遺言執行者と遺産分割協議成立の抗弁
遺言者甲は、次の自筆証書遺言を残して死亡しました。
相続人は乙、丙、丁の子で、受遺者戊は丁の妻です。
@甲は、丁に対し、本件土地1のうち持分2分の1及び本件土地2の所有権を相続させる。
A甲は、戊に対し、本件土地1のうち持分2分の1を遺贈する。
B甲は、丁を遺言執行者に指定する。
乙、丙、丁は、本件土地1,2について、持分各3分の1ずつ相続登記をしました。
その後、遺言執行者丁は、乙、丙、丁を被告として前記遺言内容を実現するために右相続登記の抹消登記手続きを求める訴えを提起しました。

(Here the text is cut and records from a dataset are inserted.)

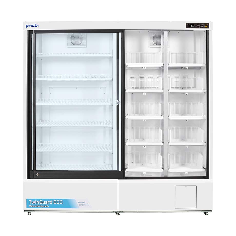 Unser pharmazeutischer Kühlschrank Twinguard MPR-S1201RXH-PE mit Schiebetür bietet eine höchst zuverlässige Temperaturregelung, um Proben, Reagenzien und Pharmazeutika sicher aufzubewahren. Er kombiniert Kältemittel aus natürlich vorkommenden Substanzen mit Wechselrichter-betriebenen Kompressoren für einen um ca. 77 % niedrigeren Stromverbrauch als bei bisherigen Modellen.
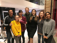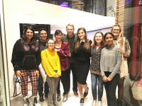 (L-R) BMI’s Reema Iqbal, mentor Tony Morales, student Sera Hornstein, mentor Rebecca Kneubuhl, University High School music director Micah Byers, student Francesca Borchardt, mentor Cindy O’Connor, student Charu Balamurugan and BMI’s Natalie Baartz gather for a photo during the Uni Music Mentorship program. View Photo
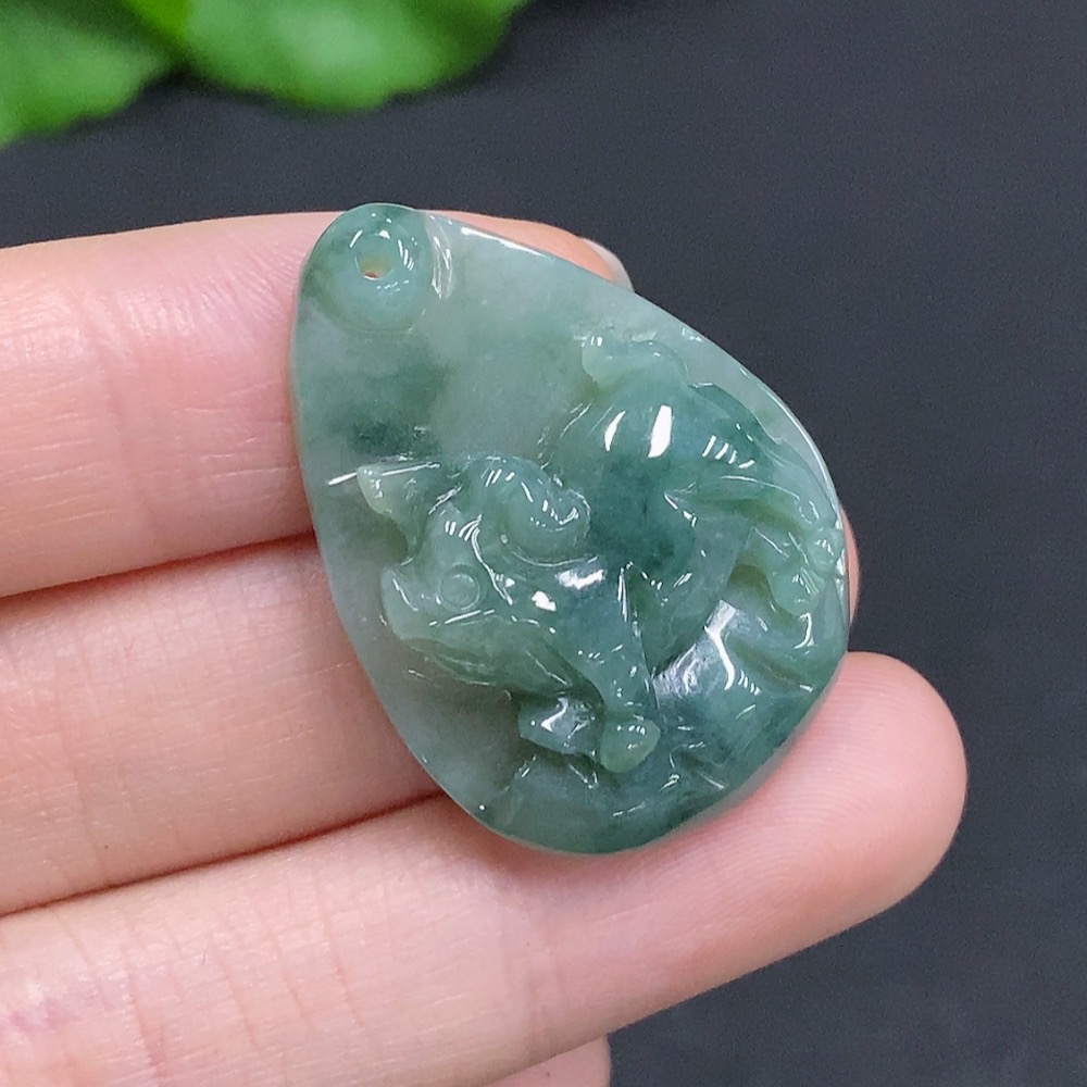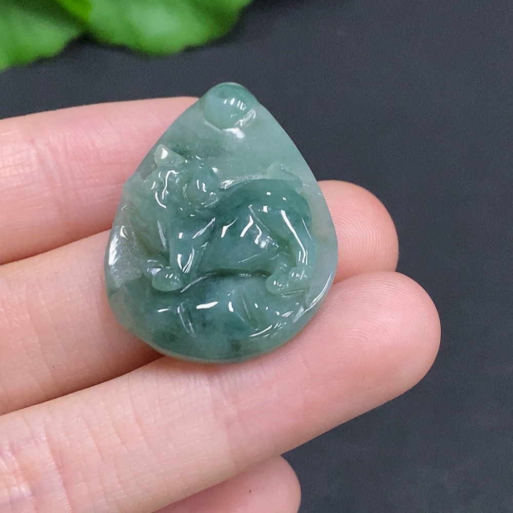 Jadeite Zodiac Pig Pendant, Total Weight Approx. 8g
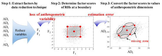 Limitations of the existing multivariate generation methods include loss of anthropometric variability, the estimation error of ADs, and lack of body size diversity, as illustrated in Figure 2. Data reduction techniques such as FA and PCA reduce an original set of ADs to a small set of factors or components, while the majority of the body size variability (e.g., 60–97%) of the target population is accounted for, as shown in Table 1. Although this information distillation greatly simplifies the generation process of RHs, a significant proportion (e.g., 3–40%) of the body size variability not explained by extracted factors is lost in the RH generation process. Next, the conversion process of the factor scores of RHs to values of ADs causes significant estimation errors if the extracted factors (or components) are not strongly correlated with the ADs. Lastly, missing zones exist between the RHs along a boundary, which again causes a loss of the size diversity of the target population during the RH generation process.
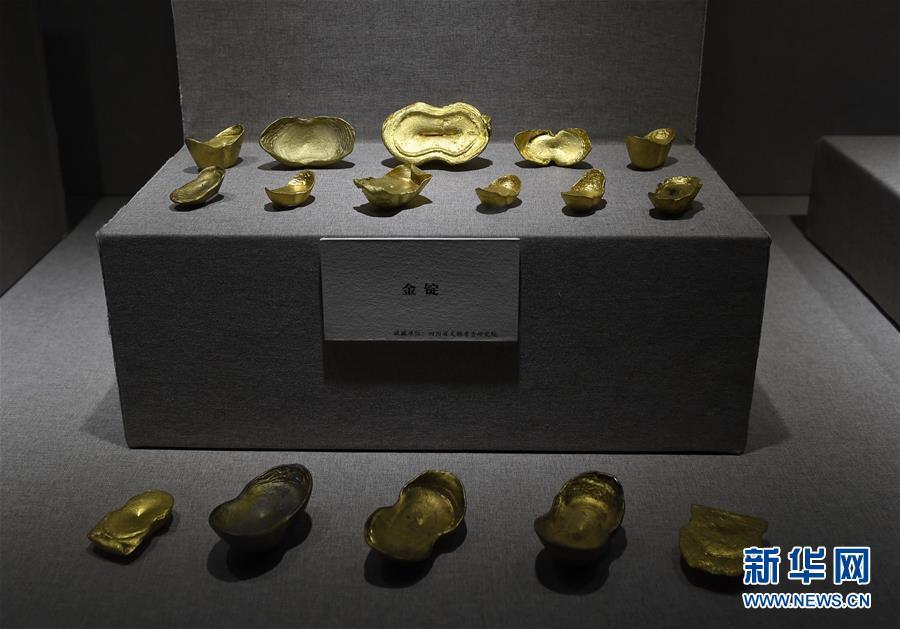 這是在四川博物院展出的金錠(10月21日攝)。 當(dāng)日,由四川省文化廳、四川省文物局、眉山市人民政府主辦的“江口沉銀——四川彭山江口古戰(zhàn)場遺址考古成果展”在四川博物院開幕。此次展覽共展出文物521件,展期將持續(xù)至2019年1月18日。四川彭山江口古戰(zhàn)場遺址是2017年度全國十大考古新發(fā)現(xiàn)之一,共發(fā)現(xiàn)文物42000余件。 新華社記者劉坤攝

乙、丙は、右訴訟で抗弁として遺産分割協議成立を主張しましたが、裁判所は、この点は、本件遺言は、甲の死亡により直ちにその効力を生じて、本件土地は丁、戊に帰属すべき部分が定められているところであり、相続人間の遺産分割協議を要する部分を残していないところ、遺言執行者としては、被相続人の意思に従って右権利関係の実現に務めるべきであり、相続人間でこれに反する合意をして、遺言内容の実現を妨げるときは、これを排除するのが任務であり、したがって、相続人間の遺産分割が贈与契約ないし交換契約等として、遺言内容の事後的な変更処分の意味でその効力を保持する場合が存するとしても、その合意の存在をもって、遺言執行者の主張としては失当であるとしました。
また、相続人間の遺言内容を変更する合意については、一応の合意に達したことは認められるが、それ自体いまだ一応の方針に過ぎないうえ、他の相続関連問題の解決がなされるのでなければ、到底最終的合意の至る見込みを有していないのであり、乙、丙主張のように遺産分割協議は成立したとは認めることができないとしました。